[[ Provided records, beginning ]]

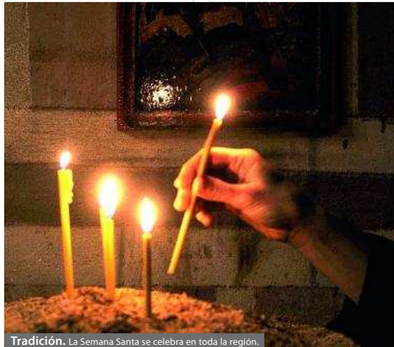
Tradición. La Semana Santa se celebra en toda la región.

Tras el pregón habrá un concierto de marchas procesionales
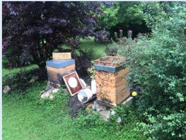
Un bel emplacement
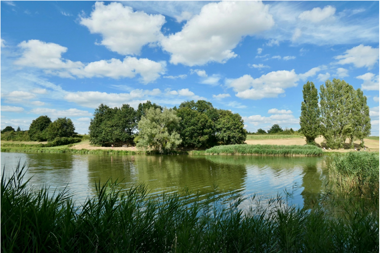
Rives du lac de Rillé

Nous traversons la phragmitaie avec des allures de pionniers et grimpons dans l'observatoire. La vue est splendide sur le lac (c'est le plus grand plan d'eau intérieur du Centre-Ouest) et la roselière, mais nous observons peu d'oiseaux en cette fin d'après-midi encore chaude.
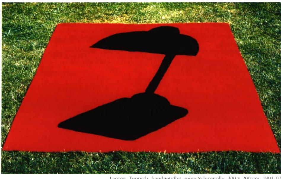
Lampe, Teppich, handgetuftet, reine Schurwolle, 300 x 200 cm, 1991/92
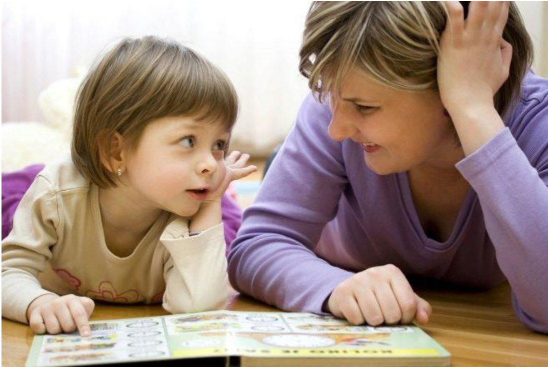
Slika 10. Važnost interakcije autističnom djeteta s odgajateljicom

svom nastavničkom iskustvu u planiranju i izvođenju lekcija svaki školski dan, što ih je opremilo deduktivnim i induktivnim podučavajućim strategijama.
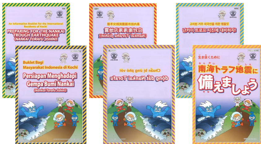
上段左から英語、中国語（簡体字）、韓国語 下段左からインドネシア語、ベトナム語、やさしい日本語

南海トラフ地震対策パンフレット（5 か国語、やさしい日本語）・携帯カード（6 か国語）・高知市津波ハザードマップ（3 か国語）の配布
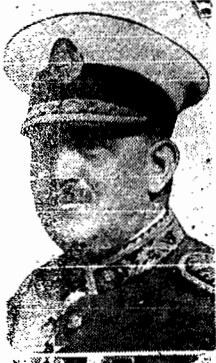
Agostin P. Justo, presidente da República Argentina

O chanceler argentino conferenciou, hoje, com os delegados das duas partes. O presidente Justo receberá, por sua vez, ao que corre, o presidente da Comissão da Sociedade das Nações, sr. Alvarez de Vayo, e os delegados bolivianos.
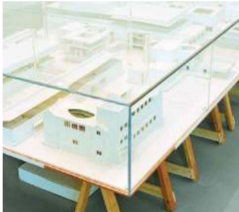
Mike Kelley, Educational Complex (detail), 1995, acryl, latex, foam, glasvezel, hout. Collectie Whitney Museum of American Art.

overleden was. Het is zo zonde dat hij er een einde aan heeft gemaakt... Het laat me wel zien: you have to somehow keep your cool . Het is tenslotte soms al moeilijk om een mens te zijn, laat staan een kunstenaar. Het kan allemaal zeer intens worden, zeker als succes tot zulke hoogten stijgt.
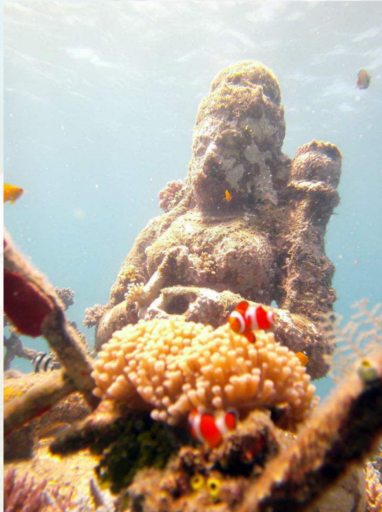
Kép: Ennio morricone / Wikimedia Commons / CC BY-SA 3.0.

Pemuteran Bali északnyugati részének nyugodt tengerparti bázisa, távol a déli régiók sűrűségétől. A part barátságosabb, lassabb, kevésbé látványosan "instás", viszont éppen ettől pihentető. A környék ismert a korall-helyreállítási törekvésekről és a víz alatti programokról, így azoknak különösen jó választás, akik a természetet nem csak háttérként, hanem valódi élményként keresik.
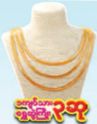
၁၀၀၀၀ သာ ရွှေဖွဲ့ကြေး ၃ ဆ

ကံစမ်းမဲကာလ (1-10-2016) ခု (31-12-2016) အထိ
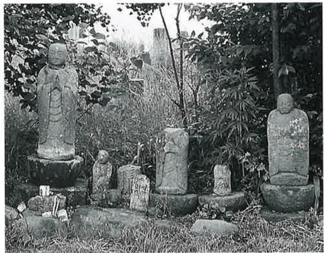
25 地藏尊群(一) 本郷東町 右(91×33×20) 左(67×30×20)
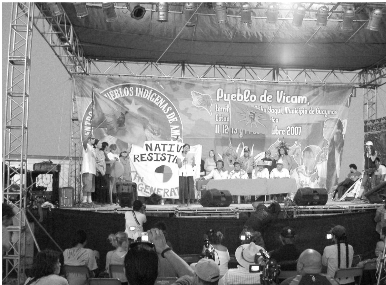
Encuentro de los Pueblos de América, Vicam, Sonora

el Encuentro. Algunas delegaciones participantes del evento también denunciaron que las policías y/o los soldados que los interceptaron en el camino los despojaron de los alimentos y granos que traían, y los trataron con hostilidad manifiesta. En las afueras de Vicam se mantuvo una vigilancia de la Policía Federal Preventiva y de la policía estatal de Sonora.
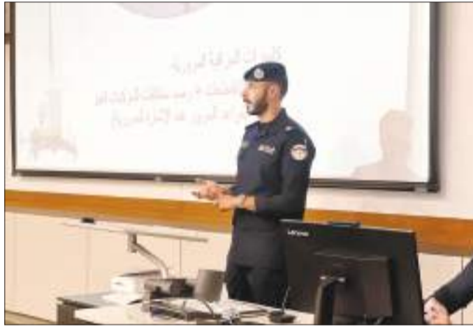
جانب آخر من شرح الحملة

توعية حول قانون المرور الجديد وتعديلاته وتعريف بالبوابات الجديدة
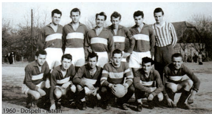
1960 - Dospeli - Tatran

Z dostupných zdrojov spracoval: Ing. Pavol Mihók Mgr. Ladislav Šusták
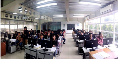
Gambar 1. Suasana Praktikum Prak. Pengantar Teknik Komputer
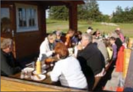
Der hygges ved bordet.
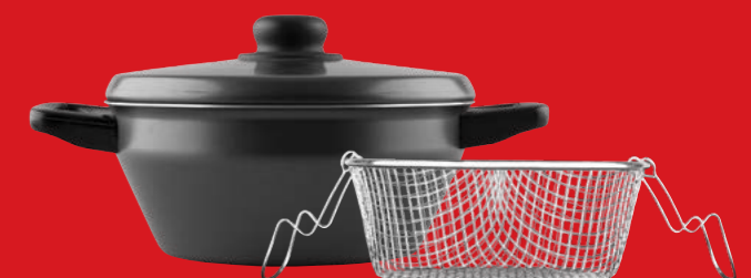
Potato fryer with basket | Φρυτούρα με καλάθι

0061150 N20 3 lt | 0061151 N22 4 lt | 0061152 N24 5 lt 0061153 N26 6 lt
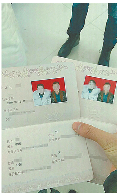
中介展示顾客信息,称其经假结婚成功办理

国家发改委城市中心综合交通规划院院长张国华表示,对于部分居民来讲,即使通过非法的手段也想拥有车牌,暴露出了公共交通短缺的问题,“解决非法买卖车牌,根本上应改善公共交通通勤效率问题”。
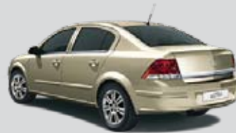
▲ Pannacotta 3
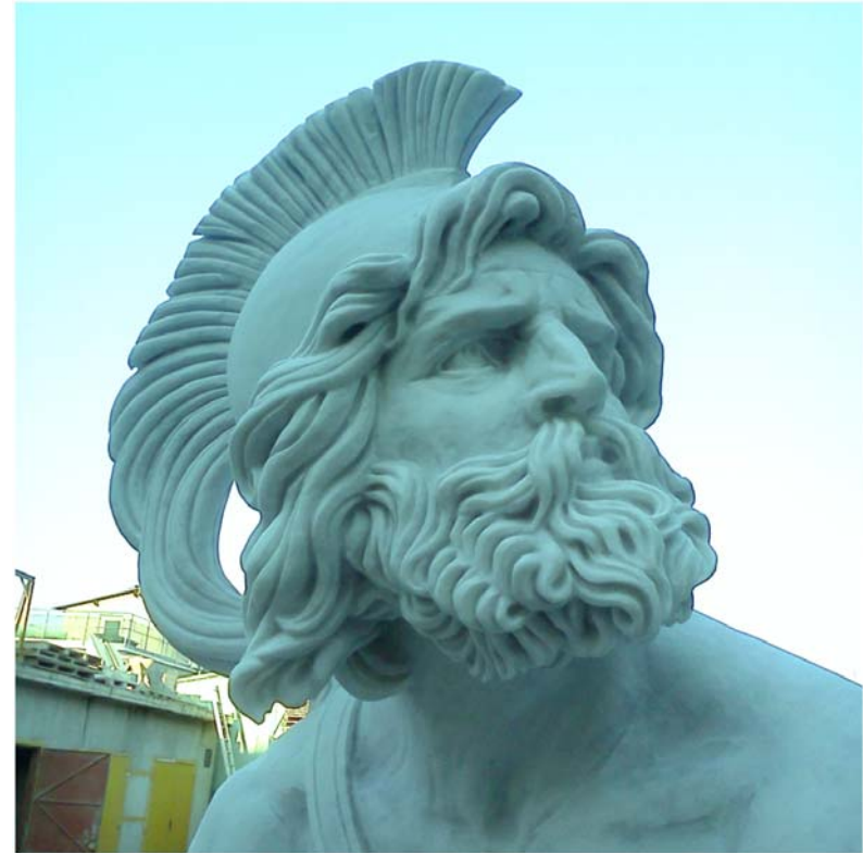
Reproduction de statues du Louvres et Versailles, marbre. Paris 2011-2012.
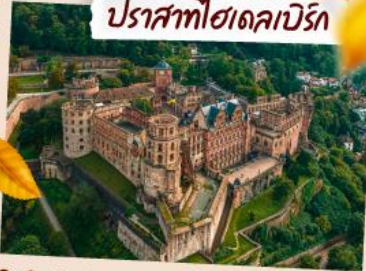
ปราสาทไฮเดคาเบิร์ก
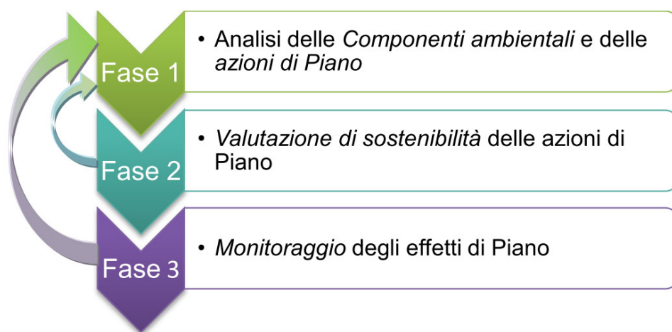
Figura 0.5.1 - Schema metodologico della ValSAT del RUE.
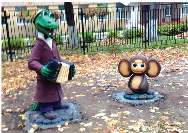
◆ Улица Молодежная, д. 1-3

[[ Provided records, end ]]

[Your goal] Exact copy, no pictures. Write out the lines in the entries above, starting with the line with "Rives du lac de Rillé" and going on through the line with "Slika 10. Važnost", keeping both.

[Output below]
Rives du lac de Rillé

Nous traversons la phragmitaie avec des allures de pionniers et grimpons dans l'observatoire. La vue est splendide sur le lac (c'est le plus grand plan d'eau intérieur du Centre-Ouest) et la roselière, mais nous observons peu d'oiseaux en cette fin d'après-midi encore chaude.
Lampe, Teppich, handgetuftet, reine Schurwolle, 300 x 200 cm, 1991/92
Slika 10. Važnost interakcije autističnom djeteta s odgajateljicom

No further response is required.